1. USERS’ INFORMATION
Renaissance Sri Lanka (“RSL”), with Récépissé de Déclaration de Creation de l’association N° W783011582, and with address chez Mme Cavalié, Résidence El Dorado Bat D, 1 rue de la Vieille Butte 78100, Saint-Germain-en-Laye, hereinafter the PROVIDER, is responsible for processing Users’ personal data and shall ensure that these data will be processed in accordance with the provisions of (EU) Regulation 2016/679 of 27 April 2016 (GDPR) regarding the protection of natural persons in the processing and free circulation of personal data, for which the following information is provided:
Purpose for the processing: to maintain a business relationship with Users. Operations in which the data will be used:
• To send advertising and marketing communications via email, fax, SMS, MMS, social networks or any other electronic or physical means, both now and in the future, to carry out marketing communications.
• These communications shall be sent by the PROVIDER and be related to its products and services or pertain to its donors, volunteers or suppliers with which it has a promotional agreement. In this case, third parties will never have access to personal data.
• To carry out statistical studies.
• To process orders, enquiries, or any type of request that is made by users through any of the contact forms made available to them.
• To send the newsletter from the website or information of any activity.
Data retention criteria:
Data shall be retained for as long as there is mutual interest in keeping them. When the data are no longer necessary for the purpose for which they were retained, they shall be deleted using appropriate security measures to ensure either their pseudonymisation or their total destruction.
Communication of the data:
Data will not be communicated to third parties, except in the event of a legal obligation to do so.
Rights of Users:
• The right to withdraw consent at any time.
• The right to access, correct, transfer and delete personal data and to limit or oppose their use.
• The right to file a claim with the protection agency (CNIL) should they believe that the processing does not comply with current regulations.
Contact information for Users to exercise their rights:
Postal address: chez Mme Cavalié, Renaissance Sri Lanka, with Récépissé de Déclaration de Creation de l’association N° W783011582, and with address Résidence El Dorado Bat D, 1 rue de la Vieille Butte 78100, Saint-Germain-en-Laye, Paris, France.
2. OBLIGATORY OR OPTIONAL INFORMATION PROVIDED BY USERS.
Users, by marking the corresponding boxes and entering data in the fields marked with an asterisk (*) in the contact form or presented in downloadable forms, expressly, freely, and unequivocally accept that these data are necessary for the provider to fulfil their requests, and hereby allow their data to be included in the remaining fields. Users guarantee that the personal data they provide to the PROVIDER are true and agree to communicate any modification of them.

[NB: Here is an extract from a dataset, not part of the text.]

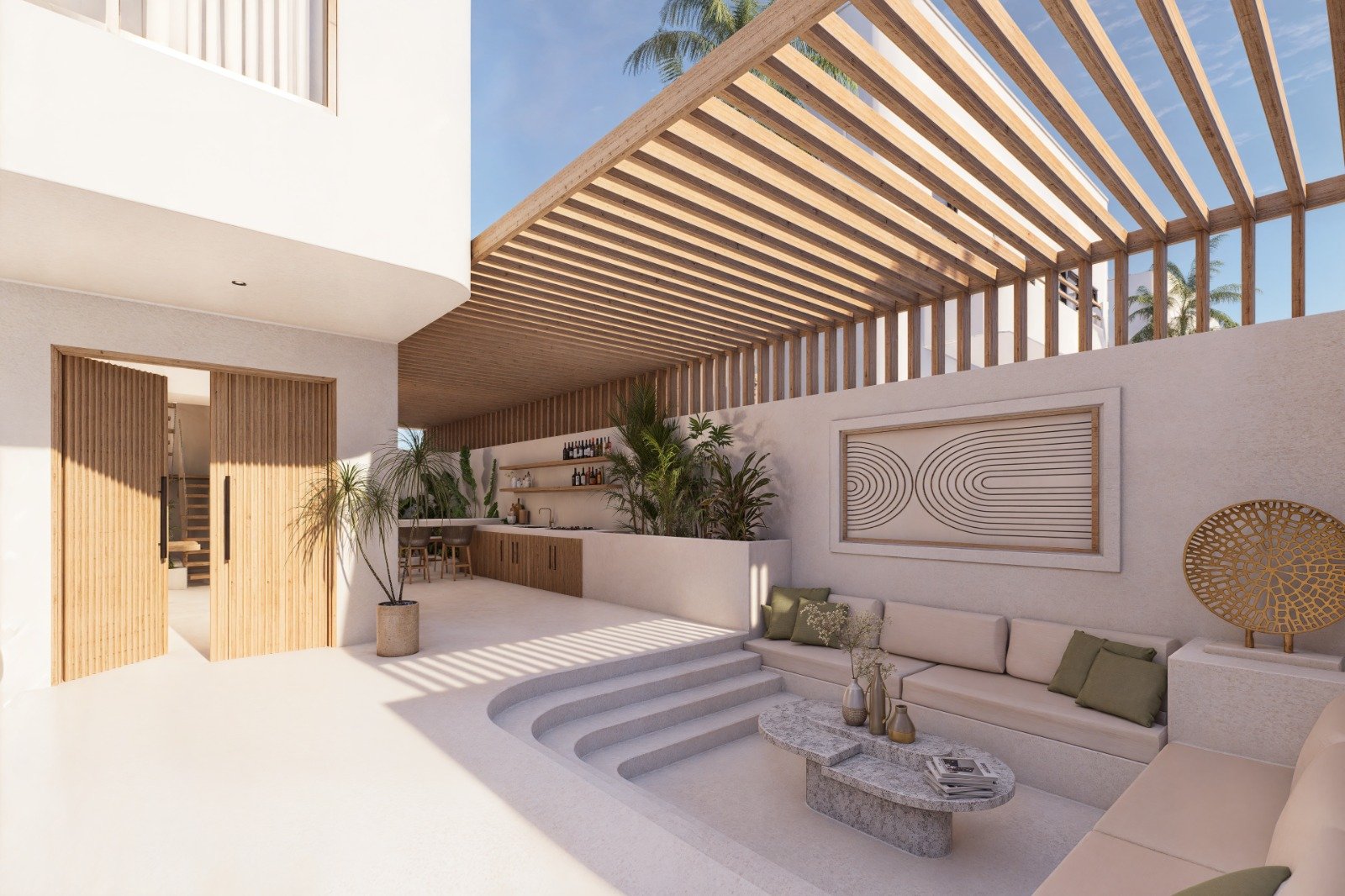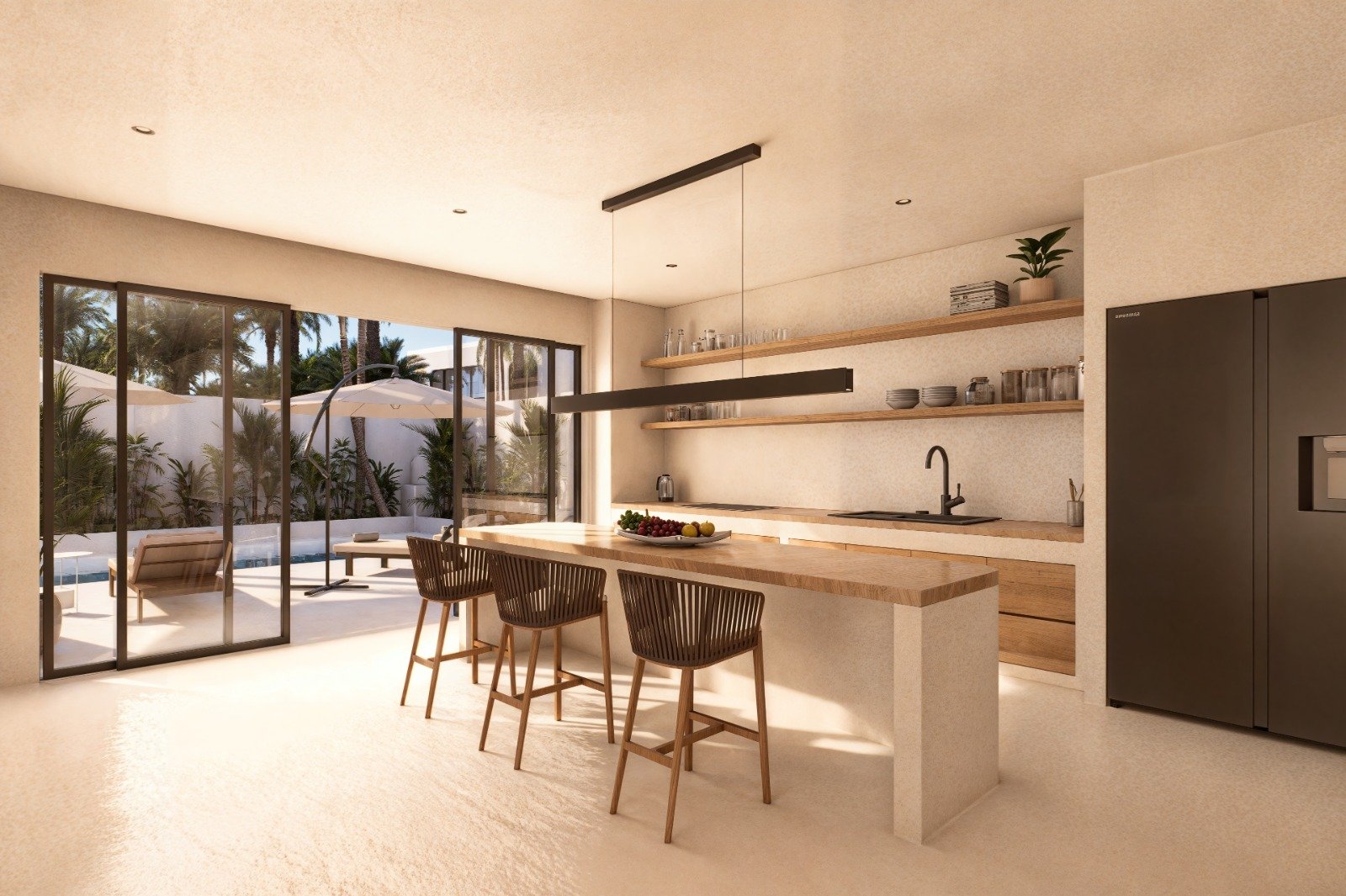 Outdoors, the villa features a private swimming pool with an outdoor sunken lounge, offering a relaxed setting for leisure and social gatherings. An outdoor shower enhances convenience and adds a resort-style touch to the pool area.

The PROVIDER hereby informs and expressly guarantees to Users that their personal data will not be transferred under any circumstance to third parties and that whenever any transfer of personal data is made, the express, informed, and unequivocal consent of the Users will be requested in advance. All data requested through the website are mandatory as they are necessary for providing an optimal service to Users. In the case where not all data are provided, the information and services provided cannot be guaranteed to meet Users’ needs fully.
3. SECURITY MEASURES
In accordance with the provisions of the regulations in force regarding the protection of personal data, the PROVIDER hereby states that it complies with all provisions of the GDPR regulations to process the personal data under its responsibility, and expressly with the principles set out in Article 5 of the GDPR, namely that they are processed in a lawful, loyal and transparent manner regarding the interested party, as well as appropriately and relevantly, limited to whatever is necessary for the purposes for which they are processed.
The PROVIDER guarantees that it has implemented appropriate technical and organisational policies to apply the security measures established by the GDPR in order to protect the rights and freedoms of Users and has communicated the necessary information to Users so that they may exercise said rights and freedoms.